##### Records shown #####
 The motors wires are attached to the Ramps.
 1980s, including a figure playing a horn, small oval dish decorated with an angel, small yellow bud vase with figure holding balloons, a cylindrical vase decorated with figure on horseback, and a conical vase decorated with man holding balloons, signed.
#####
##### Records shown #####
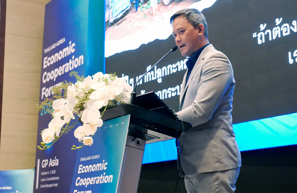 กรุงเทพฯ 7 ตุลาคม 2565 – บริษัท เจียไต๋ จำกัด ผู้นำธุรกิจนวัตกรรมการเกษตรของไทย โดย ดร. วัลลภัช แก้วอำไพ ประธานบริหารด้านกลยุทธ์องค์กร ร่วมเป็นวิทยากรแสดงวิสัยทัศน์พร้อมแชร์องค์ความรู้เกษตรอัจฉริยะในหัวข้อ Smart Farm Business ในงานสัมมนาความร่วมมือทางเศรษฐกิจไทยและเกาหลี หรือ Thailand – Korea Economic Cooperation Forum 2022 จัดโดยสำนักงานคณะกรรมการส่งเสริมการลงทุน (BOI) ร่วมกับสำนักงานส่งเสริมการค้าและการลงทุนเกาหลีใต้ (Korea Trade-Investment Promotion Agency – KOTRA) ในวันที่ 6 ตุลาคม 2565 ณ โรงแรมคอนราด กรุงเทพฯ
#####
- What you will do
Retype the portion of the data above that starts on the line with "The motors wires are attached to the Ramps." and finishes on the line with "1980s, including a", including both of those lines.

- Solved problem
 The motors wires are attached to the Ramps.
 1980s, including a figure playing a horn, small oval dish decorated with an angel, small yellow bud vase with figure holding balloons, a cylindrical vase decorated with figure on horseback, and a conical vase decorated with man holding balloons, signed.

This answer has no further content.